| WHAT YOU SHOULD DO |
Set every record down verbatim and omit the pictures.

........

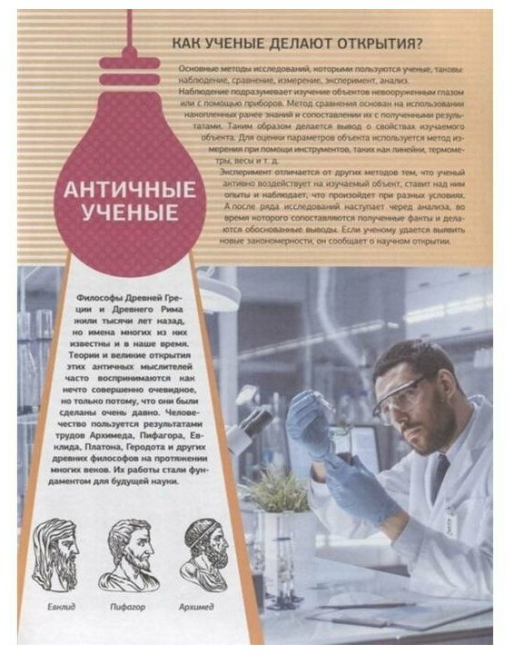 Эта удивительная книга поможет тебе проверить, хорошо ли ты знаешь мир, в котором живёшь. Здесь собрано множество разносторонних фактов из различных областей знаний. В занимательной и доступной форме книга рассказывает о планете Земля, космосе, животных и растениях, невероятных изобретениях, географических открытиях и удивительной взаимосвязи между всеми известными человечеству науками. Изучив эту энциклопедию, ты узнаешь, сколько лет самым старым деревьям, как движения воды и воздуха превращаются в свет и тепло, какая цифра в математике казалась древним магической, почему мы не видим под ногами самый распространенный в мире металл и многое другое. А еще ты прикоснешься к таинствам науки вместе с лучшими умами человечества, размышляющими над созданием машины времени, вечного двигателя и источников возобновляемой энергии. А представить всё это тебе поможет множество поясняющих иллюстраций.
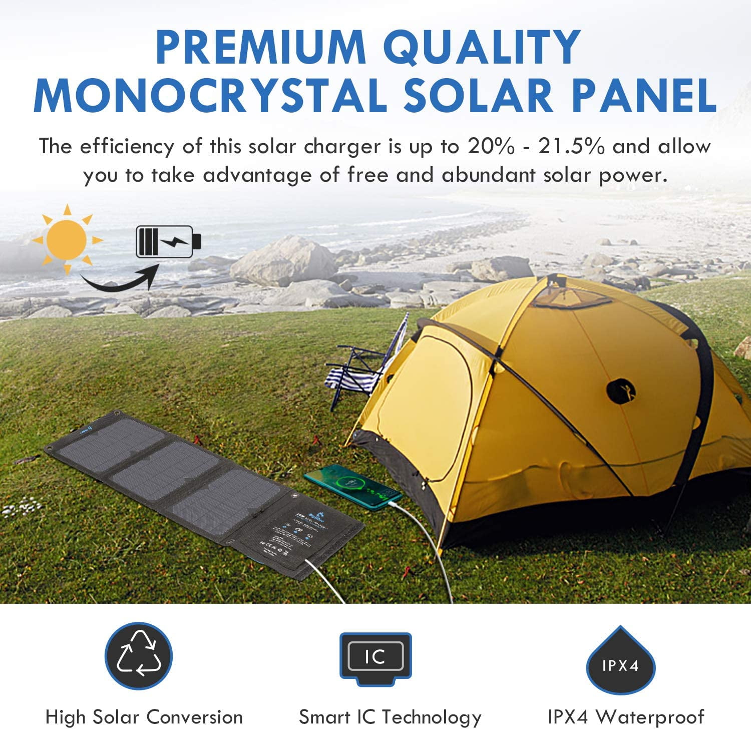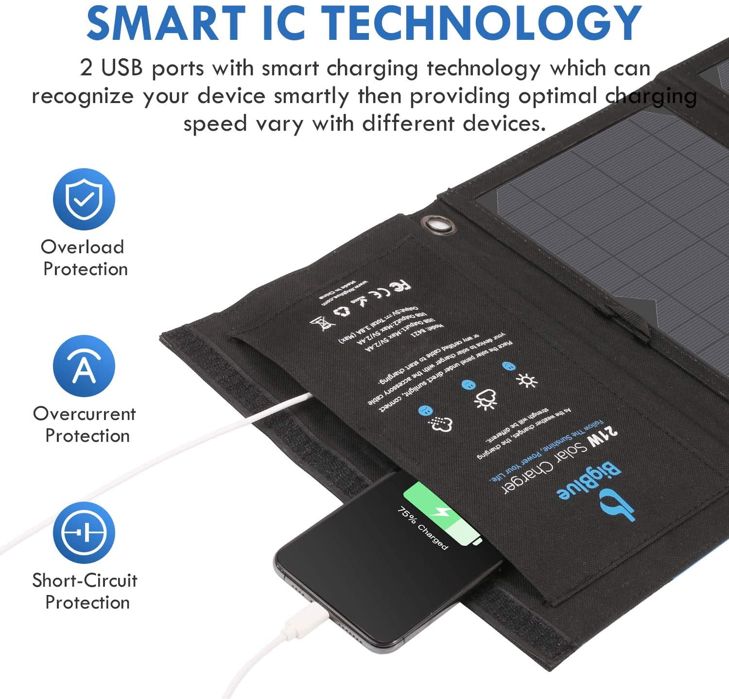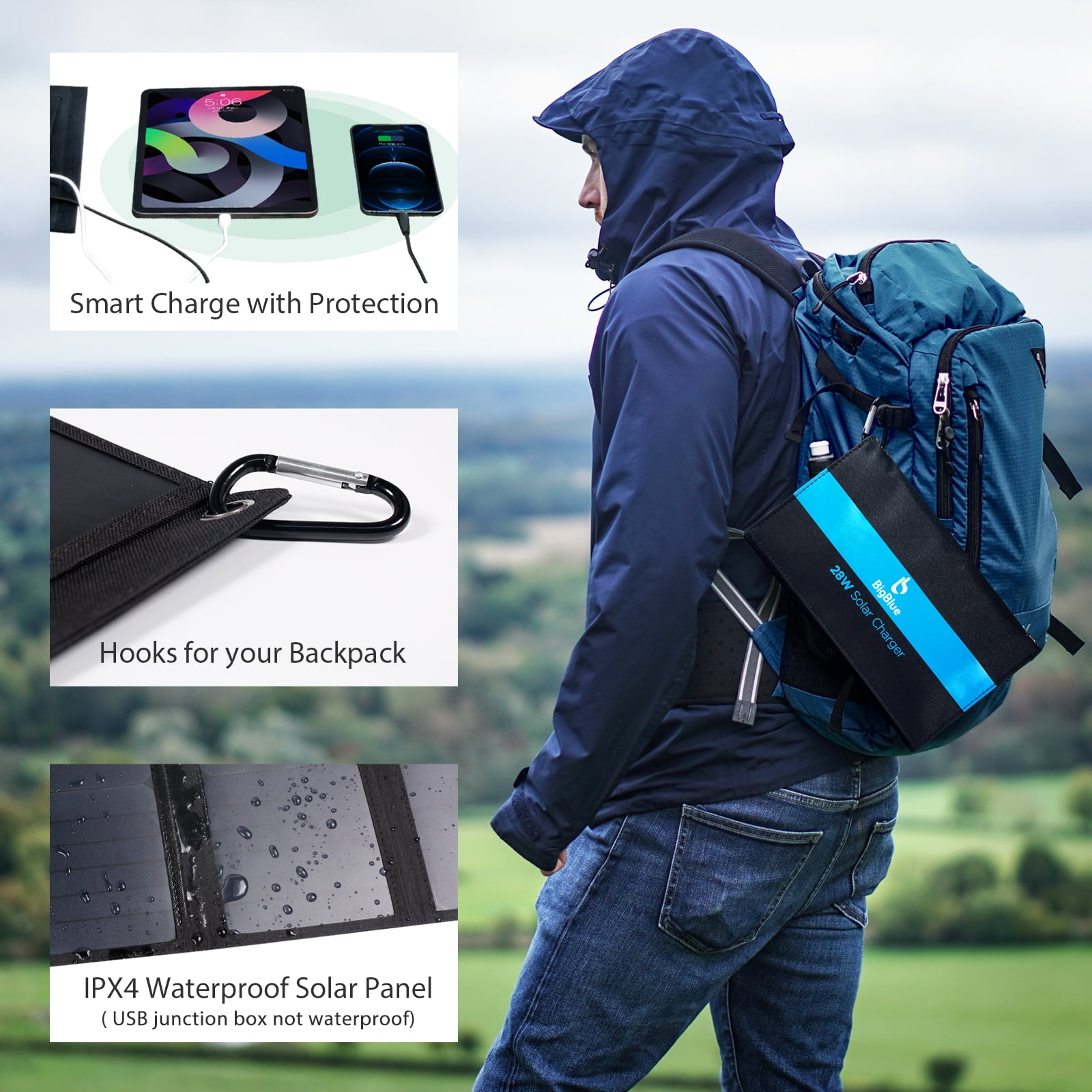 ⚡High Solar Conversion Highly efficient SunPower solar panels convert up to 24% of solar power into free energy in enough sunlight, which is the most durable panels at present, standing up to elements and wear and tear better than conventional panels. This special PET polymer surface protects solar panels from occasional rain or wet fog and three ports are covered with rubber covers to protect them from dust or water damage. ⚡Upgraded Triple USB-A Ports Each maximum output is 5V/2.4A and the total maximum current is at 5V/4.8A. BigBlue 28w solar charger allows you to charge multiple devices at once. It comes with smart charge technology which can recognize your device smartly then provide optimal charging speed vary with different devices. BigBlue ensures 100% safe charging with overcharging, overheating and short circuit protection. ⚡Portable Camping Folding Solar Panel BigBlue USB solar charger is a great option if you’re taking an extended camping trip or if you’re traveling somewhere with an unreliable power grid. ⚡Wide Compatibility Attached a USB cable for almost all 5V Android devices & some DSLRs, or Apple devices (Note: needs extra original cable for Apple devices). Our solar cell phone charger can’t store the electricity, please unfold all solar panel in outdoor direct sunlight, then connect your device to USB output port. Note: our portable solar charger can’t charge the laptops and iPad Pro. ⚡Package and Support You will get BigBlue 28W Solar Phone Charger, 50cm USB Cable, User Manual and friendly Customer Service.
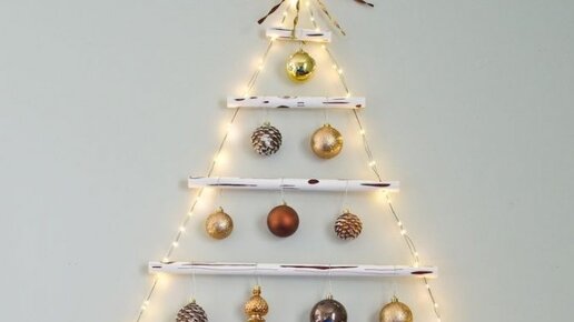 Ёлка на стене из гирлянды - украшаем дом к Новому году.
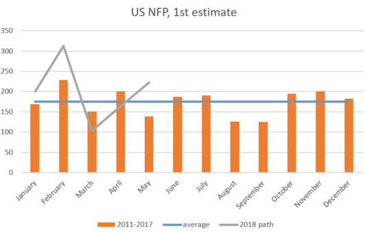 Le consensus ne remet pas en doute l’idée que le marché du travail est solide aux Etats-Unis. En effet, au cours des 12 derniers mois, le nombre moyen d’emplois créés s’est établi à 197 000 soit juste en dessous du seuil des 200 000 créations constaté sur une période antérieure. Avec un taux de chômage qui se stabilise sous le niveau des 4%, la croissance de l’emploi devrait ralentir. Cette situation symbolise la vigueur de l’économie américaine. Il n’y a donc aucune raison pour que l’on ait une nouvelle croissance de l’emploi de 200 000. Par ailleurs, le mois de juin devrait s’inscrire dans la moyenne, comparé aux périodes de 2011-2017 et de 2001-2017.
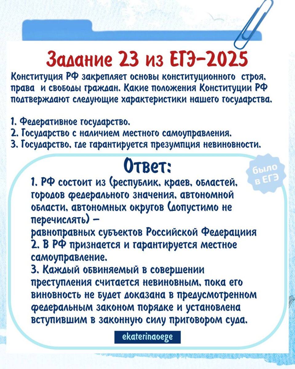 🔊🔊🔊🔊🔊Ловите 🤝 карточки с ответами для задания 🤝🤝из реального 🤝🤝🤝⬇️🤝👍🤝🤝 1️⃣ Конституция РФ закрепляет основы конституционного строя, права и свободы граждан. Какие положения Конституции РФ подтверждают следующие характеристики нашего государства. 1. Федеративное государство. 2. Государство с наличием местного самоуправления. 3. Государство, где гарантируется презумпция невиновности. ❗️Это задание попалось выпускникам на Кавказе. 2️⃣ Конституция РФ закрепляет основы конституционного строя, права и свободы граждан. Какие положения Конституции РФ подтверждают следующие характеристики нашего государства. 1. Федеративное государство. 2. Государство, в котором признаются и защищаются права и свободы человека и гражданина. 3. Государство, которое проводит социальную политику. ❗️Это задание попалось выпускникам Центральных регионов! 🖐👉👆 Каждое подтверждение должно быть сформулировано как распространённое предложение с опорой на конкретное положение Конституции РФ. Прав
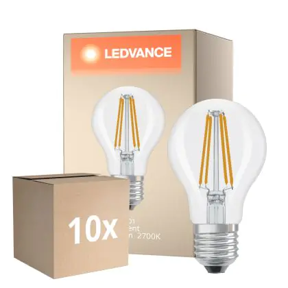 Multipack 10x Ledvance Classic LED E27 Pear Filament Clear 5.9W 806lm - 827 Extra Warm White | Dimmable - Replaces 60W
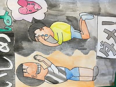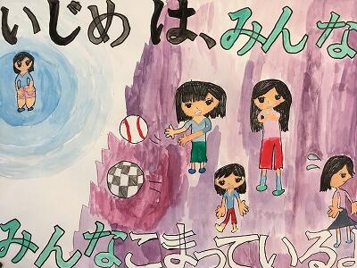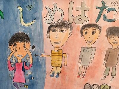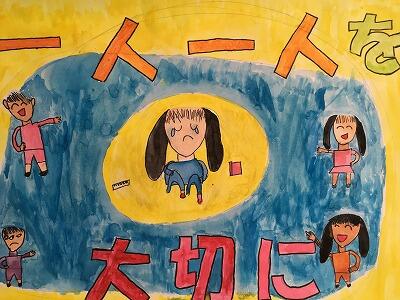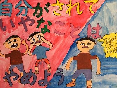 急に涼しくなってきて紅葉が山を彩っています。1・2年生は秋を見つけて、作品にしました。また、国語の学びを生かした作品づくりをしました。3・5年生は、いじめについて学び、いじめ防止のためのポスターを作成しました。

........

| EXERCISE ANSWER |
 Эта удивительная книга поможет тебе проверить, хорошо ли ты знаешь мир, в котором живёшь. Здесь собрано множество разносторонних фактов из различных областей знаний. В занимательной и доступной форме книга рассказывает о планете Земля, космосе, животных и растениях, невероятных изобретениях, географических открытиях и удивительной взаимосвязи между всеми известными человечеству науками. Изучив эту энциклопедию, ты узнаешь, сколько лет самым старым деревьям, как движения воды и воздуха превращаются в свет и тепло, какая цифра в математике казалась древним магической, почему мы не видим под ногами самый распространенный в мире металл и многое другое. А еще ты прикоснешься к таинствам науки вместе с лучшими умами человечества, размышляющими над созданием машины времени, вечного двигателя и источников возобновляемой энергии. А представить всё это тебе поможет множество поясняющих иллюстраций.
 ⚡High Solar Conversion Highly efficient SunPower solar panels convert up to 24% of solar power into free energy in enough sunlight, which is the most durable panels at present, standing up to elements and wear and tear better than conventional panels. This special PET polymer surface protects solar panels from occasional rain or wet fog and three ports are covered with rubber covers to protect them from dust or water damage. ⚡Upgraded Triple USB-A Ports Each maximum output is 5V/2.4A and the total maximum current is at 5V/4.8A. BigBlue 28w solar charger allows you to charge multiple devices at once. It comes with smart charge technology which can recognize your device smartly then provide optimal charging speed vary with different devices. BigBlue ensures 100% safe charging with overcharging, overheating and short circuit protection. ⚡Portable Camping Folding Solar Panel BigBlue USB solar charger is a great option if you’re taking an extended camping trip or if you’re traveling somewhere with an unreliable power grid. ⚡Wide Compatibility Attached a USB cable for almost all 5V Android devices & some DSLRs, or Apple devices (Note: needs extra original cable for Apple devices). Our solar cell phone charger can’t store the electricity, please unfold all solar panel in outdoor direct sunlight, then connect your device to USB output port. Note: our portable solar charger can’t charge the laptops and iPad Pro. ⚡Package and Support You will get BigBlue 28W Solar Phone Charger, 50cm USB Cable, User Manual and friendly Customer Service.
 Ёлка на стене из гирлянды - украшаем дом к Новому году.
 Le consensus ne remet pas en doute l’idée que le marché du travail est solide aux Etats-Unis. En effet, au cours des 12 derniers mois, le nombre moyen d’emplois créés s’est établi à 197 000 soit juste en dessous du seuil des 200 000 créations constaté sur une période antérieure. Avec un taux de chômage qui se stabilise sous le niveau des 4%, la croissance de l’emploi devrait ralentir. Cette situation symbolise la vigueur de l’économie américaine. Il n’y a donc aucune raison pour que l’on ait une nouvelle croissance de l’emploi de 200 000. Par ailleurs, le mois de juin devrait s’inscrire dans la moyenne, comparé aux périodes de 2011-2017 et de 2001-2017.
 🔊🔊🔊🔊🔊Ловите 🤝 карточки с ответами для задания 🤝🤝из реального 🤝🤝🤝⬇️🤝👍🤝🤝 1️⃣ Конституция РФ закрепляет основы конституционного строя, права и свободы граждан. Какие положения Конституции РФ подтверждают следующие характеристики нашего государства. 1. Федеративное государство. 2. Государство с наличием местного самоуправления. 3. Государство, где гарантируется презумпция невиновности. ❗️Это задание попалось выпускникам на Кавказе. 2️⃣ Конституция РФ закрепляет основы конституционного строя, права и свободы граждан. Какие положения Конституции РФ подтверждают следующие характеристики нашего государства. 1. Федеративное государство. 2. Государство, в котором признаются и защищаются права и свободы человека и гражданина. 3. Государство, которое проводит социальную политику. ❗️Это задание попалось выпускникам Центральных регионов! 🖐👉👆 Каждое подтверждение должно быть сформулировано как распространённое предложение с опорой на конкретное положение Конституции РФ. Прав
 Multipack 10x Ledvance Classic LED E27 Pear Filament Clear 5.9W 806lm - 827 Extra Warm White | Dimmable - Replaces 60W
 急に涼しくなってきて紅葉が山を彩っています。1・2年生は秋を見つけて、作品にしました。また、国語の学びを生かした作品づくりをしました。3・5年生は、いじめについて学び、いじめ防止のためのポスターを作成しました。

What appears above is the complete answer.